- **INSTRUCTIONS FOR THE TASK**
Give back exactly the lines of the material below that start at the one holding "tính chỉ 10-15s/ngày." and end at the last line, minus the pictures.

- **DATA BLOCK**
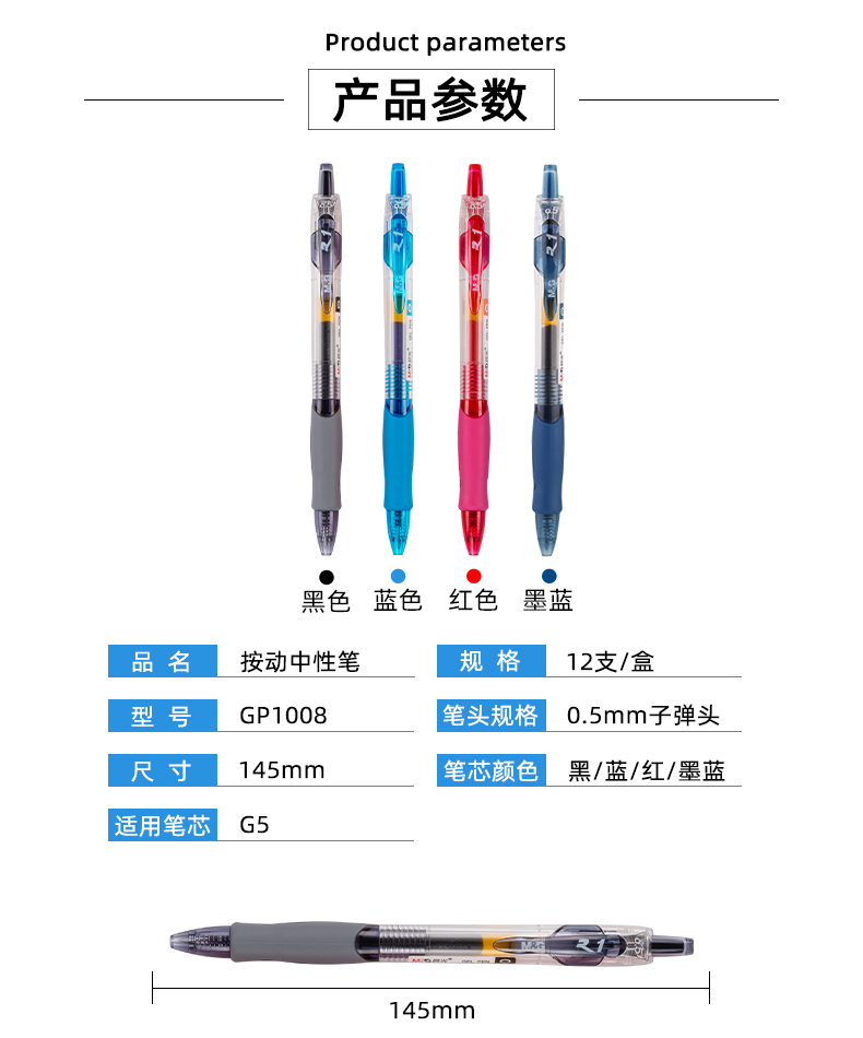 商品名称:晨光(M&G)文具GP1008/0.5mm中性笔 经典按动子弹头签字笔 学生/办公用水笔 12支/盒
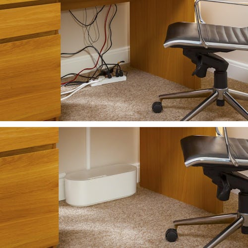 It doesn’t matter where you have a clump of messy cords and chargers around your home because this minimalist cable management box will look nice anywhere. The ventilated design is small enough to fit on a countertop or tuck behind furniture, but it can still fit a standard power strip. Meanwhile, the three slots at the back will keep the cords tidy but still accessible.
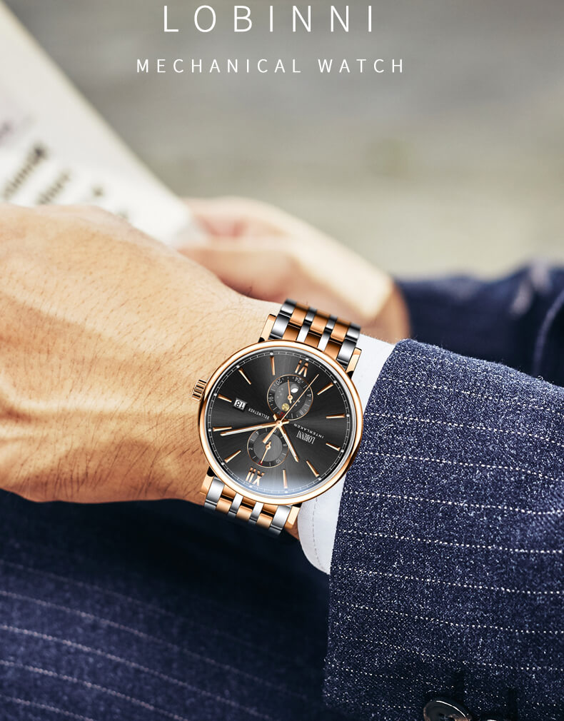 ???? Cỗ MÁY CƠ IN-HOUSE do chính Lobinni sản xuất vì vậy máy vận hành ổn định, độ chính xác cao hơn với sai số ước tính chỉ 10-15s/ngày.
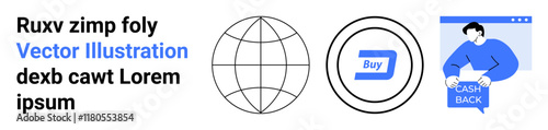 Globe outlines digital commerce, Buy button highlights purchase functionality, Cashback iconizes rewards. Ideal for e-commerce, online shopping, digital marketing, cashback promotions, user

- **TASK SOLUTION**
 ???? Cỗ MÁY CƠ IN-HOUSE do chính Lobinni sản xuất vì vậy máy vận hành ổn định, độ chính xác cao hơn với sai số ước tính chỉ 10-15s/ngày.
 Globe outlines digital commerce, Buy button highlights purchase functionality, Cashback iconizes rewards. Ideal for e-commerce, online shopping, digital marketing, cashback promotions, user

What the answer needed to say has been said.